A new tool released Wednesday gives the public a daily snapshot of the demographics of inmates booked into Salt Lake County jails.

The interactive dashboard has been in the works for about a year, said Salt Lake County sheriff’s Sgt. Kevin Hunter. County officials tapped employees to create it in response to residents’ concerns about who is incarcerated and to inform ideas for alternatives to jail.

The dashboard is available to the public at slsheriff.org/page_jail_dashboard.php.

The tool shows the demographics of the jail population as of 4 a.m., the time of its daily update. It shows the gender, age, employment status, race, marital status, and housing status of inmates, in addition to other metrics, such as the average length of stay for current inmates and a breakdown of the population by the arresting law enforcement agency.

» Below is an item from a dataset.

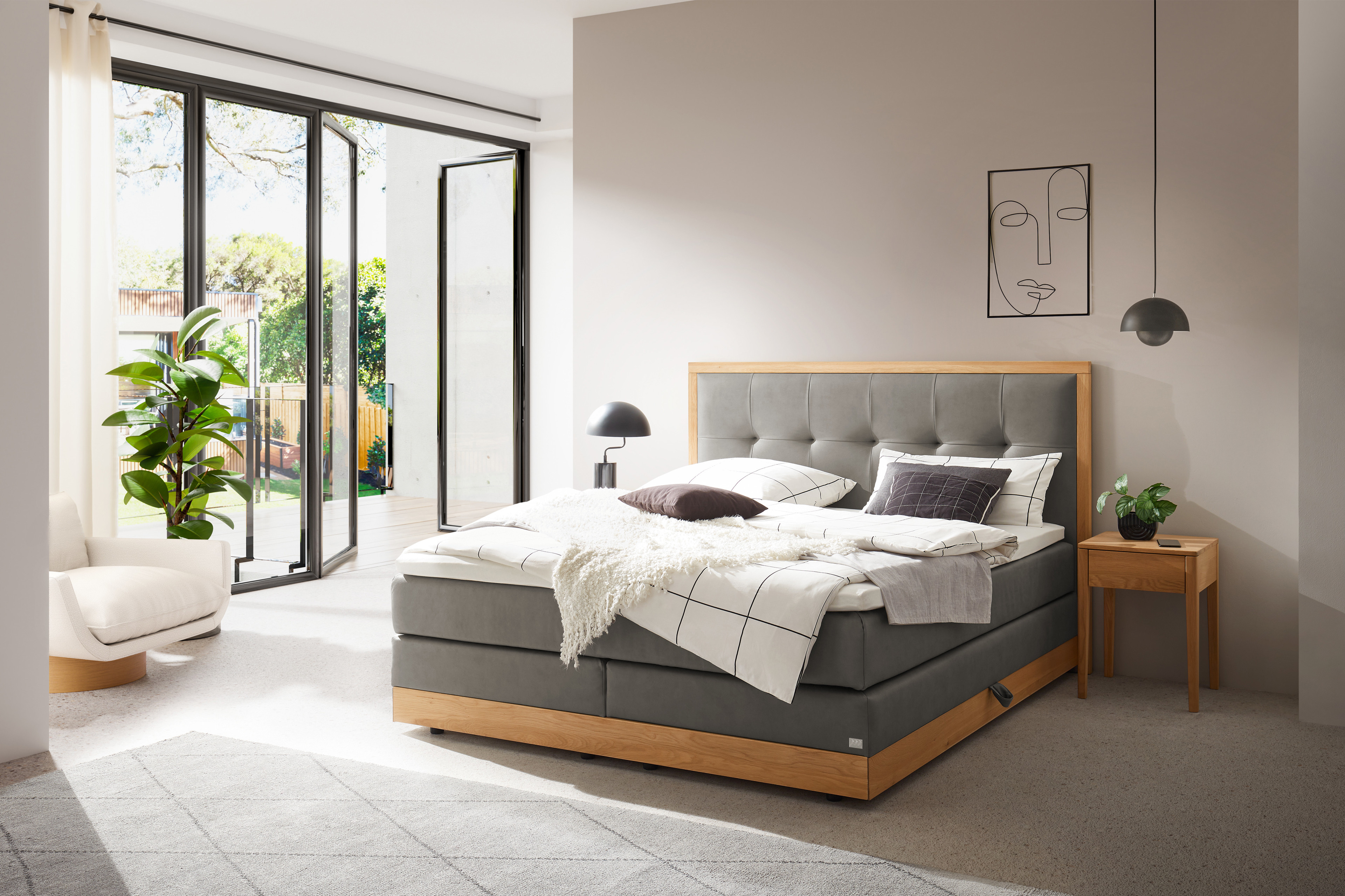 Hineinlegen, wohlfühlen, träumen - dazu lädt das Boxspringbett von Hasena förmlich ein. Die unglaublich harmonische Komposition aus einem rauchig grauen Microfaser und der Ausführung in Eiche bright lässt eine vollkommen neue Atmosphäre in Ihrem Schlafzimmer entstehen. Weiterhin bietet Ihnen das Modell Alba aus der Kollektion Boxspring Pronto durch seine zwei Bettkästen die Möglichkeit, beispielsweise Bettwäsche und Kissen geordnet unterzubringen. Die bequeme Matratze, welche zwei Tonnen-Taschen-Federkerne beinhaltet, erhalten Sie als durchgängige Variante inklusive aufliegenden Schaum-Topper. Dabei steht Ihnen frei, ob Sie einen festen, mittleren oder soften Liegekomfort bevorzugen. Um dieses traumhafte Ambiente auf Ihre Wünsche anzupassen, stehen Ihnen unter unserer Bezugsübersicht eine kleine Auswahl an verschiedenen Stoffarten und Farben zur Verfügung. Wenn nun auch Sie von diesem hochwertigen Boxspringbett in dieser herrlichen Ausführung überzeugt sind, dann überlegen Sie nicht lange und bestellen Sie sich passende Beimöbel dazu. Es erwarten Sie praktische Nachtkonsolen, die ebenfalls in der Holzausführung des Bettes gestaltet wurden. So viel Gemütlichkeit, solch ein hoher Komfort und dazu noch eine beispiellose Optik und das alles vereint in einem Boxspringbett.

It also allows a user to filter information by a certain demographic — for example, female inmates — to see how their circumstances differ from the jail population as a whole.

“The sheriff’s office collects and has a lot of really valuable data but didn’t really have anything in place to help visualize that, or engage in dialogue with people about what it looks like, in a way that people can understand,” said Noella Sudbury, Salt Lake County’s Criminal Justice Advisory Council director.

Sudbury said the goal in creating the dashboard was, first, to increase transparency. Second, the county aimed to give residents an idea of who is in the jail and, finally, to start a conversation about how taxpayer money is spent on the jail and criminal justice in general.

“We can take a look at the dashboard and ask ourselves: Are we keeping the right people in jail, the people who are threats to public safety?" she said. “And can we help others who are maybe not a threat to public safety succeed and get out of the criminal justice system and not come back?”

The dashboard doesn’t show the ethnicity of inmates because the jail tracks that information differently than the U.S. Census, and its numbers would likely overrepresent the number of people in jail who identify as “white."

County officials plan to roll out additional features and metrics in coming weeks — such as the ability to show trends over time and track ethnicity — and will take public feedback into consideration, Hunter and Sudbury said.